:: REQUIRED WORK ::
Transcribe the entries below exactly, starting with the line that has "2400–2500 MHz (Wi-Fi" and stopping after the line that has "Η διαμονή και"; no pictures belong in the copy.

:: INFORMATION PROVIDED ::
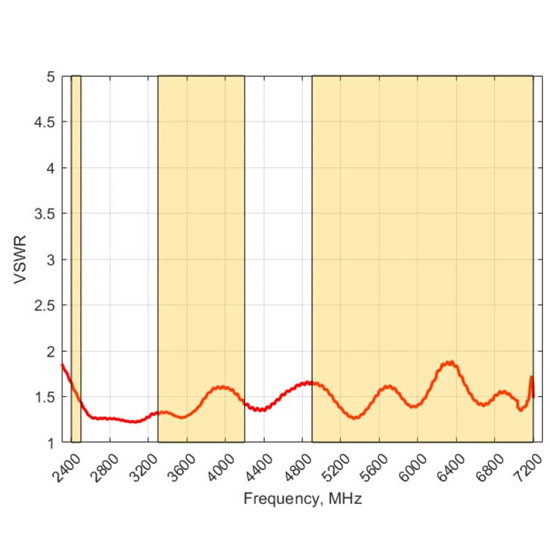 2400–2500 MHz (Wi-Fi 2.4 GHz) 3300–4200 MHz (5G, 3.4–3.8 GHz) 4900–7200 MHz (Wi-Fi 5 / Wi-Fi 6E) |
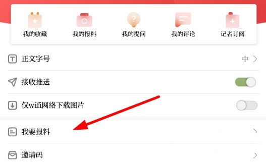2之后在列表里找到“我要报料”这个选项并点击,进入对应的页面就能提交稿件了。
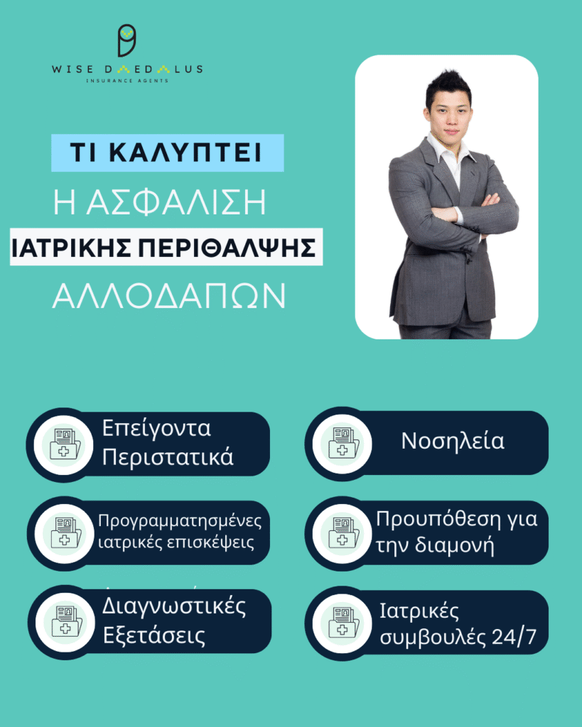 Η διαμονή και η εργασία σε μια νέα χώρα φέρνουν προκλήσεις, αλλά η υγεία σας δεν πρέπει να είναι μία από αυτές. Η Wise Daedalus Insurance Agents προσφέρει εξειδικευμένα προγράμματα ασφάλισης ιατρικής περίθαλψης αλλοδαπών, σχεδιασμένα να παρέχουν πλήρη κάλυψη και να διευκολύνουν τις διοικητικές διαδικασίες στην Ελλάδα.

---

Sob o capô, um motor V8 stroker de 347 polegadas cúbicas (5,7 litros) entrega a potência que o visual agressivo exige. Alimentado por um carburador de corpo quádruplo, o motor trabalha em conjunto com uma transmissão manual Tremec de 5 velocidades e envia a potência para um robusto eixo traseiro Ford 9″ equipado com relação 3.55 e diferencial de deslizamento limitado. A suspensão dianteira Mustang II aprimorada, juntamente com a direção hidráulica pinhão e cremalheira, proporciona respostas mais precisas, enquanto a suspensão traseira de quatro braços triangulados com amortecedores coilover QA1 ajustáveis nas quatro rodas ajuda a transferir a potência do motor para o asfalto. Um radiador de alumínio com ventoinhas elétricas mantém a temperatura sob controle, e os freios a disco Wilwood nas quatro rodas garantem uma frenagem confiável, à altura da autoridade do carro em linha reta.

:: OUTPUT ::
 2400–2500 MHz (Wi-Fi 2.4 GHz) 3300–4200 MHz (5G, 3.4–3.8 GHz) 4900–7200 MHz (Wi-Fi 5 / Wi-Fi 6E) |
2之后在列表里找到“我要报料”这个选项并点击,进入对应的页面就能提交稿件了。
 Η διαμονή και η εργασία σε μια νέα χώρα φέρνουν προκλήσεις, αλλά η υγεία σας δεν πρέπει να είναι μία από αυτές. Η Wise Daedalus Insurance Agents προσφέρει εξειδικευμένα προγράμματα ασφάλισης ιατρικής περίθαλψης αλλοδαπών, σχεδιασμένα να παρέχουν πλήρη κάλυψη και να διευκολύνουν τις διοικητικές διαδικασίες στην Ελλάδα.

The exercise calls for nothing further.